FileHippo
- FileHippo Homepage as of July 2019
- Website type: Software directory
- Available in: English, German, Spanish, French, Italian, Polish, Japanese, Chinese
- Owner: Softonic
- Website: filehippo.com
- Commercial: No
- Registration: None
- Launched: 2004; 22 years ago
- Current status: Online

= FileHippo =

Software downloading website

FileHippo is a software downloading website that offers computer software for Windows. The website has sections listing most recently updated programs and most popular downloads, organised by category, with program information and link. Registration is not required in this website, and FileHippo does not accept software submissions from publishers.

==History==
FileHippo was established in 2004 by the technology company, Well Known Media, of Ramsey, Isle of Man. The site added a news section in 2014. FileHippo was estimated to be worth over US$13,000,000 in November 2015.

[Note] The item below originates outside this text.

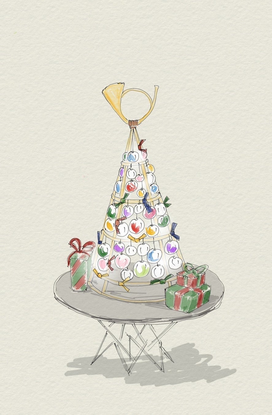 また、日本の伝統工芸や遊びを取り入れた紙風船のオーナメント(エンターテインメント)は、画材店である月光荘の“自己表現を後押ししたい”という想いから、ゲストが自由に絵の具で絵付けできるようにしました。ツリーを見上げると月光荘のトレードマークである「友を呼ぶホルン」がクリスマスツリーのトップスターとしてツリーを華やかに飾ります(ランドスケープ)。ホルンの音のもとに多くの仲間が集まるようにとの願いが込められたこの「友を呼ぶホルン」にちなんだ今回の「友を呼ぶクリスマスツリー」。まさにこのツリーの下に集まる仲間たちが色や音を通じて出会い、交流し、それぞれの個性を反映した作品が集まることにより徐々に完成されていきます。

Before Softonic acquired the FileHippo.com website, it was funded by user donations and third-party advertising, had an Update Checker, later renamed App Manager, a free program that scanned a computer for outdated software and offered links to more recent versions, later redirecting to IObit Software Updater.

Softonic acquired FileHippo. On the FileHippo home page formerly stated "© FileHippo s.r.o." and since , it states "Softonic International, S.A. holds the license to use the name and logo of Filehippo".